Total reported production averaged 38.2 MBoe/d (85% mineral and royalty, 75% natural gas) for the second quarter of 2021. Total production was 36.8 MBoe/d and 42.6 MBoe/d for the quarters ended March 31, 2021 and June 30, 2020, respectively.

Realized Prices, Revenues, and Net Income

The Company’s average realized price per Boe, excluding the effect of derivative settlements, was $31.79 for the quarter ended June 30, 2021. This is an increase of 21% from $26.27 per Boe from the first quarter of 2021 and a 121% increase compared to $14.37 for the second quarter of 2020. Contributing to this increase was approximately $5.6 million in additional natural gas revenue recognized in the second quarter of 2021 due to realized price differentials during February of 2021 exceeding original Company projections.

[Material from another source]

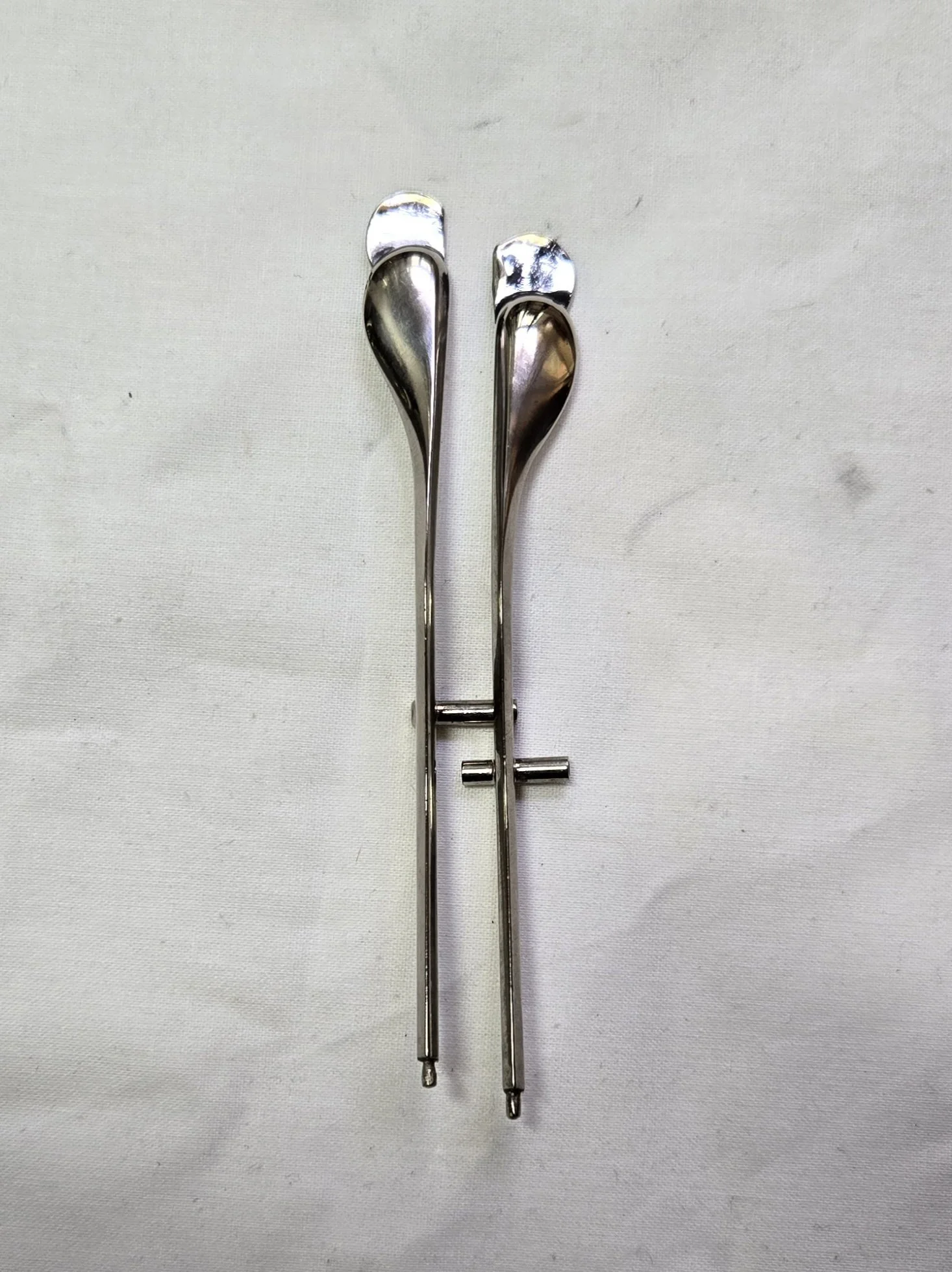 The lower clarinet in the photo is a standard, student model Yamaha. The lowest note that it will play is a low E. That’s the key to the far right in the photo. This instrument is 23.5 inches long. The upper clarinet is a professional model Buffet clarinet which has several additional keys. However, the one we’re looking at today is the key to the far right of the photo. This is a low Eb key. Consequently, the lower joint, the section where this key is attached is about an inch longer, 24.5, to accommodate this extra key. Even after repairing band instruments for 51 years, I have rarely seen one of these extra-long clarinets. I like unique instruments and this one falls under that category.

Black Stone reported oil and gas revenue of $110.4 million (49% oil and condensate) for the second quarter of 2021, an increase of 27% from $87.1 million in the first quarter of 2021. Oil and gas revenue in the second quarter of 2020 was $55.7 million.

The Company reported a loss on commodity derivative instruments of $59.5 million for the second quarter of 2021, composed of a $17.4 million loss from realized settlements and a non-cash $42.1 million unrealized loss due to the change in value of Black Stone’s derivative positions during the quarter. Black Stone reported losses of $27.9 million and $19.2 million on commodity derivative instruments for the quarters ended March 31, 2021 and June 30, 2020, respectively.

Lease bonus and other income was $7.5 million for the second quarter of 2021, primarily related to leasing activity in the Austin Chalk and proceeds from surface use waivers on Black Stone’s mineral acreage supporting solar development. Lease bonus and other income for the quarters ended March 31, 2021 and June 30, 2020 was $2.4 million and $2.0 million, respectively.

There was no impairment for the quarters ended June 30, 2021, March 31, 2021, and June 30, 2020.

The Company reported net income of $15.4 million for the quarter ended June 30, 2021, compared to net income of $16.2 million in the preceding quarter. For the quarter ended June 30, 2020, the Company reported a net loss of $8.4 million.

Adjusted EBITDA and Distributable Cash Flow

Adjusted EBITDA for the second quarter of 2021 was $78.4 million, which compares to $60.0 million in the first quarter of 2021 and $72.4 million in the second quarter of 2020. Distributable cash flow for the quarter ended June 30, 2021 was $72.1 million. For the quarters ended March 31, 2021 and June 30, 2020, distributable cash flow was $53.8 million and $64.4 million, respectively.

Financial Position and Activities

As of June 30, 2021, Black Stone Minerals had $1.0 million in cash and $96.0 million outstanding under its credit facility. The ratio of total debt at June 30, 2021 to trailing twelve-month Adjusted EBITDA was 0.4x. As of July 30, 2021, $81 million was outstanding under the credit facility and the Company had $6.6 million in cash.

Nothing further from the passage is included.